Note: if you created a multi-regional bucket, you'll want to change the --location
parameter
gcloud eventarc triggers create my-crf-summary-trigger \
--location=$REGION \
--destination-run-service=$FUNCTION_NAME \
--destination-run-region=$REGION \
--event-filters="type=google.cloud.storage.object.v1.finalized" \
--event-filters="bucket=$BUCKET_DOCS_NAME" \
--service-account=$SERVICE_ACCOUNT_ADDRESS
9. Test your function
Upload a plain text file for summarization. Don't know what to summarize? Ask Gemini for a quick 1-2 page description of the history of dogs! Then upload that plain text file to your $BUCKET_DOCS_NAME
bucket for the Gemma3:4b model to write a summary to the function logs.
In the logs, you'll see something similar to the following:
---------------
Processing for objects/dogs.txt
---------------
Attempting to download: <YOUR_PROJECT_ID>-codelab-crf-sidecar-gpu-docs/dogs.txt
Sending file to Gemma 3 for summarization
...
Here's a concise summary of the document "Humanity's Best Friend":
The dog's domestication, beginning roughly 20,000-40,000 years ago, represents a unique, deeply intertwined evolutionary partnership with humans, predating the domestication of any other animal
<...>
solidifying their long-standing role as humanity's best friend.
10. Troubleshooting
Here are some errors to typos that you might encounter:
- If you get an error that
PORT 8080 is in use
, make sure your Dockerfile for your Ollama sidecar is using port 11434. Also make sure you are using the correct sidecar image in case you have multiple Ollama images in your AR repo.
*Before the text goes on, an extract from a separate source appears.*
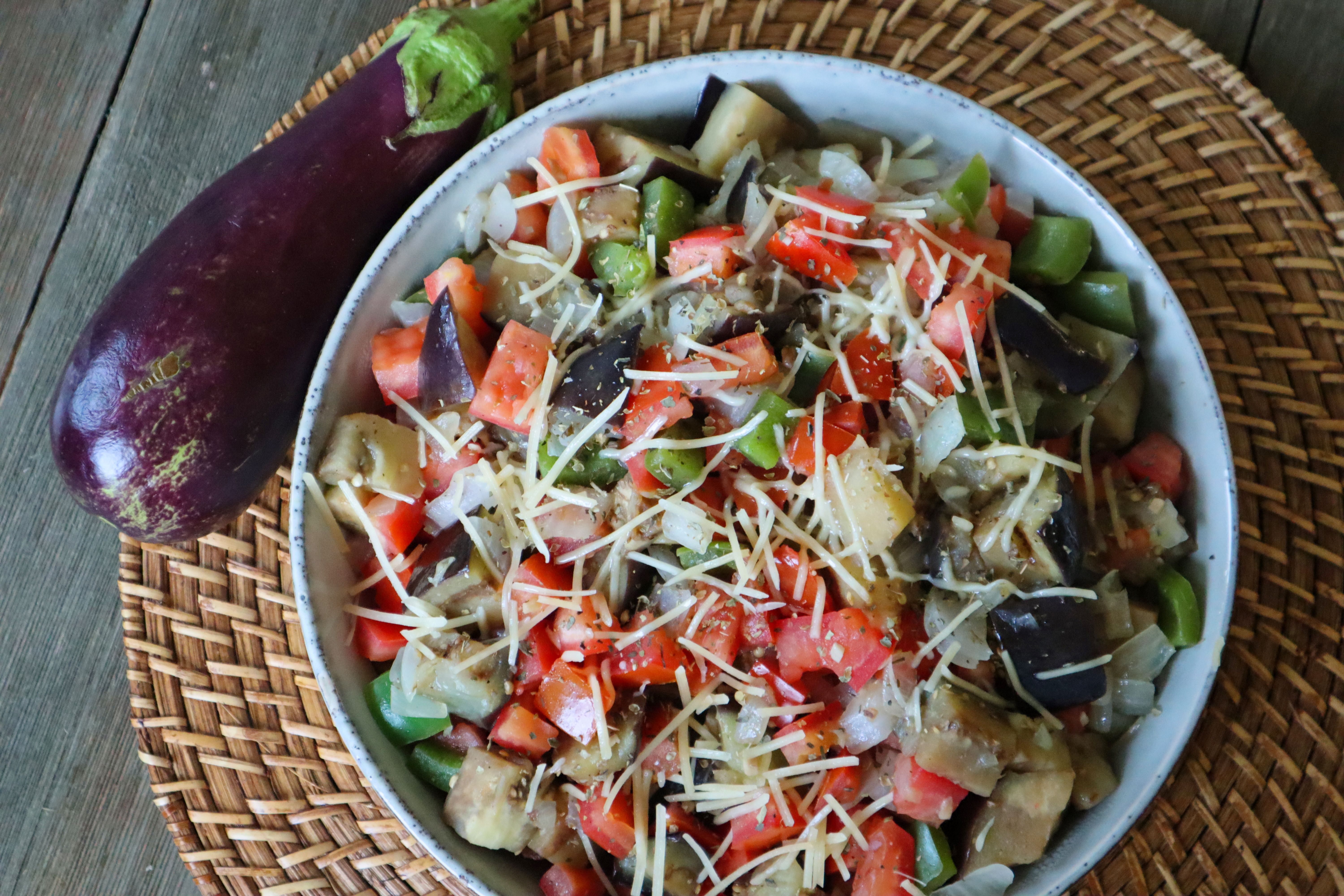 Eggplant, tomatoes and red pepper sprinkled with cheese? Who knew vegetables could be this tasty?

The Cloud Run function serves on port 8080, and if you used a different Ollama image as the sidecar that is also serving on 8080, you'll run into this error. - If you get error
failed to build: (error ID: 7485c5b6): function.js does not exist
, make sure that your package.json and tsconfig.json files are at the same level as the src directory. - If you get error
ERROR: (gcloud.run.services.replace) spec.template.spec.node_selector: Max instances must be set to 4 or fewer in order to set GPU requirements.
, in your YAML file, changeautoscaling.knative.dev/maxScale: '100'
to 1 or to something less than or equal to your GPU quota.